The response from those attending the CES session was especially gratifying – both for the appreciation of my research and outreach efforts, and the clear concern expressed about the ongoing climate crisis.

I have been very fortunate in having my research on the Black Guillemots of Cooper Island attract the attention of those wanting to inform the public about global warming – from the Late Show with David Letterman, to the NY Times Magazine, to the UK’s Royal National Theatre. The experience in Las Vegas was certainly unique and I thank Joe and Nikon for helping me make sure – What happens on Cooper Island doesn’t stay on Cooper Island.

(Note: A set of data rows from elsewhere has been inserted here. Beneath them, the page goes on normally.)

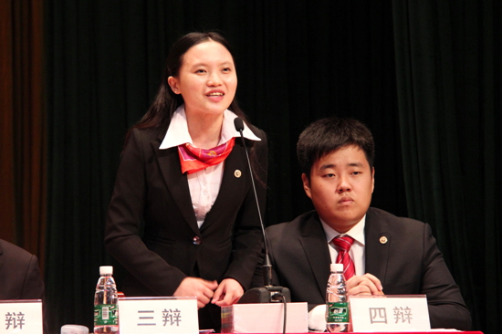 反方三辩在上场比赛中表现上佳,本场比赛她亦以“柔中带刚”的个人风格成为全场焦点,她犀利提问反方三辩“教育能作用于全部人吗?”在反方给出教育起决定作用,但却存在范围不广、深度不够的缺陷时,她迅速作出反应,指出制度可以作用于全部人,“对于那些想贪、敢贪的人,我们用制度打败他,让他不敢贪不能贪;对于那些本身廉洁的人,我们为他创造氛围。对方辩友,我们才是有深度,有广度,您认为呢?”反方三辩驳斥对方观点一针见血,赢得了全场的掌声。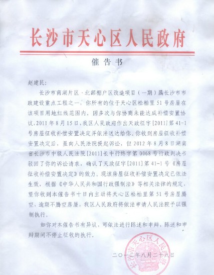 8月28日,天心区政府向赵建明下发了催告书,限其在十日内腾空房屋,否则强制执行。
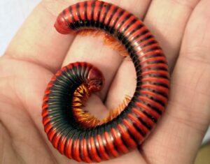 - Радужный кивсяк в окраске сочетает черные кольца, светло-серую или голубоватую спинку и красные бока. Живет 5 лет, длина 10-12 см, на голове заметный шип красного цвета.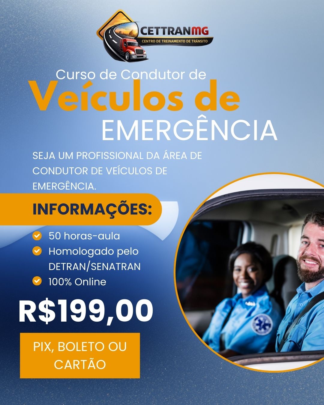 • O Curso de Condutor de Veículos de Emergência capacita profissionais para conduzir ambulâncias, viaturas, veículos de resgate e apoio em situações críticas, com segurança, agilidade e responsabilidade. Ideal para profissionais da saúde, segurança, resgate e motoristas que atuam em serviços emergenciais. Com 50 horas-aula, na modalidade 100% online, o curso é homologado pelo DETRAN/SENATRAN, conforme exigência legal para esse tipo de atuação. Comprou? Nos envie um WhatsApp! (31) 99613-4997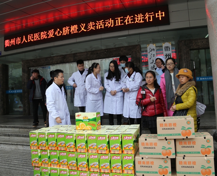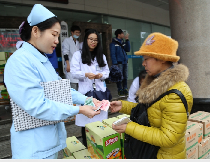 ??? 12月21日下午,在我院門診大廳門口擺放著一箱箱臍橙,原來是腫瘤內(nèi)科主任鄭勤紅及護(hù)士長張小芳組織科室醫(yī)務(wù)人員在為癌癥患者謝冬蓮舉行愛心義賣,籌集愛心款。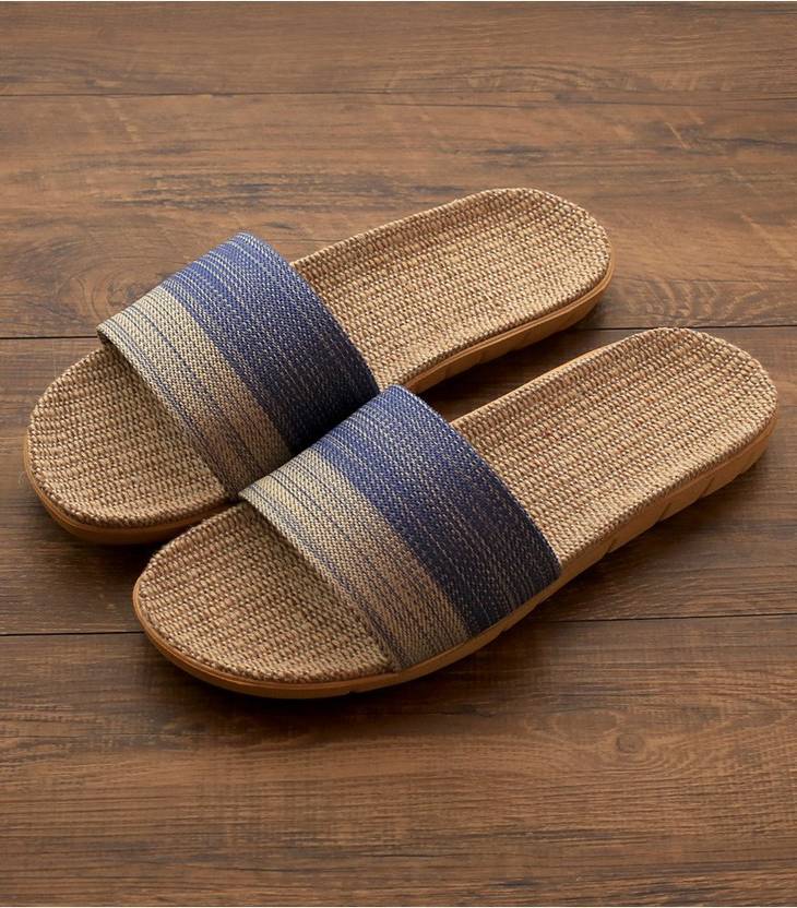 DRUNKEN Slipper For Men's Flip Flops House Slides Home Fashion Linen Non Slip Outdoor Cotton Blue स्लाइड
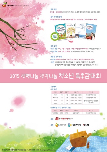 [쿠키뉴스=김단비 기자] 한국인체조직기증지원본부는 청소년들에게 나눔 정신과 생명 존중 인식을 함양하기 위해 ‘2015 생명나눔 생각나눔 청소년 독후감대회’를 5월 11일(월)부터 6월 19일(금)까지 개최한다.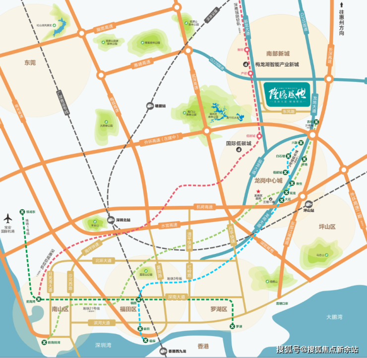 30分钟内可达坪山高铁站、东莞南站、龙岗中心城。1小时内直达罗湖京基100、福田平安金融中心、南山华润大厦。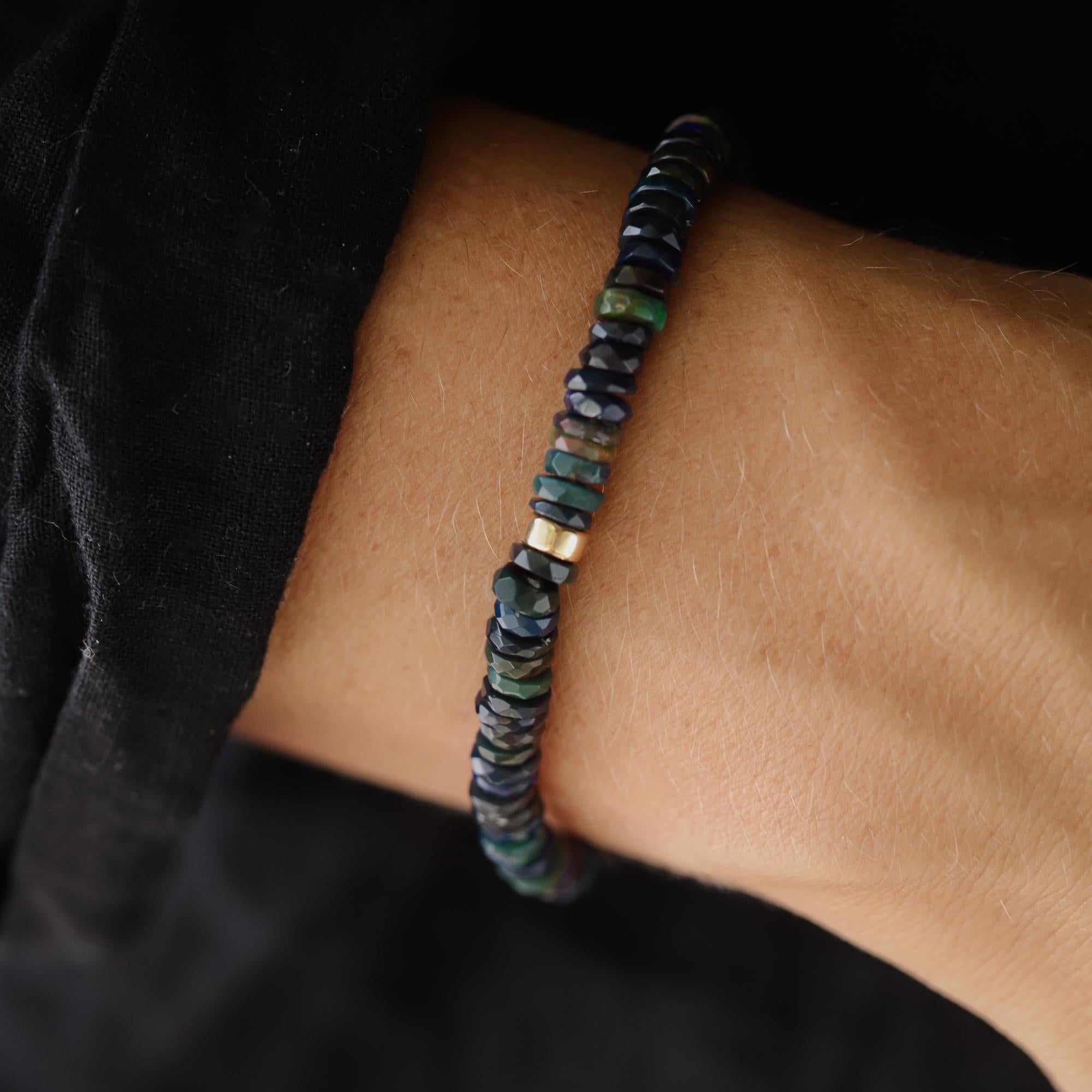 This striking stretch bracelet features AAA-grade black Ethiopian opal—dark, moody, and full of cosmic flash. Finished with a solid 14K gold accent bead and strung on durable stretch cord, this piece is both luxurious and easy to wear—powerful, grounded, and unmistakably unique.

World Wildlife Fund features Cooper Island research in Arctic Magazine

The 2019 winter edition of the World Wildlife Fund’s Arctic magazine, The Circle, features findings from the Cooper Island Black Guillemot study. The entire issue is well worth reading with articles on how the warming Arctic is affecting indigenous people, birds and mammals, and tundra vegetation.

The WWF website has additional text and links not available in the PDF of the magazine with the Cooper Island coverage available here.

Crosscut Article on Our Work

Last April I went to Barrow for a few days to prepare for the upcoming field season and, more importantly, to visit with my colleagues and friends in Barrow without the rushed atmosphere of my visits when I am there heading out to the field or back to Seattle.  Without the support and friendship of those in the community of Barrow I never would have been able to conduct seabird research for forty years on a sand and gravel bar 25 miles east of the village.

I was accompanied on my April trip by Eric Scigliano, a Seattle science writer, who is a frequent contributor to Crosscut, a Seattle-based online news magazine with “News of the Great Nearby”.  His story on our trip is linked here and at the image below.


Barrow, Alaska in mid April. Credit Eric Scigliano

 Eric’s piece is a good summary of the Cooper Island findings and includes (on page 2) a description of a unique observation I made on Cooper in 2014 which shows how climate change could be increasing romance and passion for some of the Black Guillemot pairs breeding on the  island.